Segunda-feira, 23 de Janeiro de 2012
a palavra
A mulher passava a vida a apregoar que nunca ficava doente. A realidade era essa. Diziam-lhe que comia pouco, que estava magra (ou mesmo demasiado magra), que não dormia nem descansava o suficiente, 'um dia ainda apanhas uma anemia', agoiravam. É certo que andava mais cansada, um filho adolescente e outro de dois anos e meio saem do pêlo e sobretudo da pele das mães, que querem que vos diga, é um facto, os sonos eram curtos e demasiado ligeiros mas de cada vez que fazia análises, radiografias e quejandos, estava sempre tudo perfeito.
Contudo, o mês era Janeiro e o ano, 2012. Culpa dos Maias, do signo dela, do buraco do ozono, de uma partida dos Deuses ou tão simplesmente do frio, a realidade é que o novo mês entrou e ela foi brindada com acessos de tosse, dores de garganta e estados mais ou menos febris. Vinte e três dias depois resolveu por fim dar parte de fraca e fez o que toda a gente fazia: consultou um médico. Uma vez mais, o sangue dela era lindo e vaticinava o melhor, os pulmões (apesar dos cigarros) apresentavam-se pujantes e saudáveis. Calcanhar de Aquiles era mesmo a garganta, vermelha até mais não poder e responsável pela rinofaringite cujos sintomas a tinham levado à prostração e irritação, e daí à consulta.
Foi à farmácia e, lá em cima, no céu, os Senhores sorriram. A mulher, também: ia tratar de si e voltaria a ser a mesma. Era um alívio. Ela sabia que era uma doente insuportável. A palavra doença tinha de lutar todos os dias para não ser arrancada à força e continuar a fazer parte do dicionário dela.
Sexta-feira, 20 de Janeiro de 2012
o cheiro
Cheirava a queimado em todas as divisões do espaço. Alguém viu fumo.

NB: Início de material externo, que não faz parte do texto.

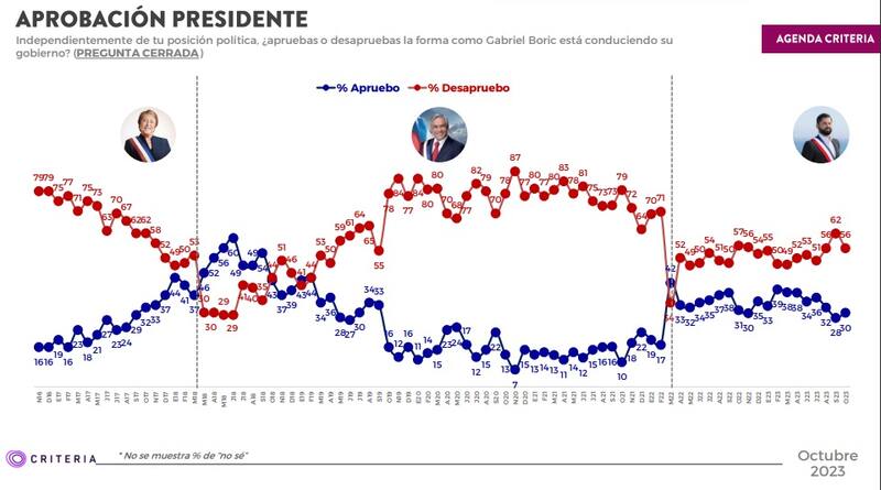 La encuesta Criteria también consultó respecto al escenario político y el gobierno del Presidente Gabriel Boric, quien en esta medición resultó con que un 30% aprueba como ha conducido su gestión, lo que significa un aumento de dos puntos frente a la medición del mes anterior.

Outra subiu as escadas procurando indícios noutros andares.
Uma cabeça imaginou e viu uma mulher mais velha queimando cartas de amor de um amante impossível, enquanto o marido dormia a sesta inebriado pelo fumo, quem sabe não poderia ser aquela a oportunidade de uma vida diferente, ainda que aos setenta anos.
Ou vagabundos fazendo uma fogueira de lenha barata impregnada de óleo de motor de tractor, num festim de restos de lagosta roubados dos caixotes do lixo de um restaurante fino da zona.
Ou ainda um fósforo perdido por entre as traves de madeira do soalho pegando fogo a serradura misturada com baratas e pó.
Nesta visão, a cabeça deteve-se e voltou à realidade. Afinal, o cheiro já andava mais longe e era preciso regressar ao trabalho. 'Aquiete-se, sua louca da casa', disse-se a si mesma a cabeça. E sorriu, lembrando-se do livro de Rosa Montero onde se demonstrava como a vida era pródiga em coisas simples, muito prestáveis à criação de histórias fantásticas.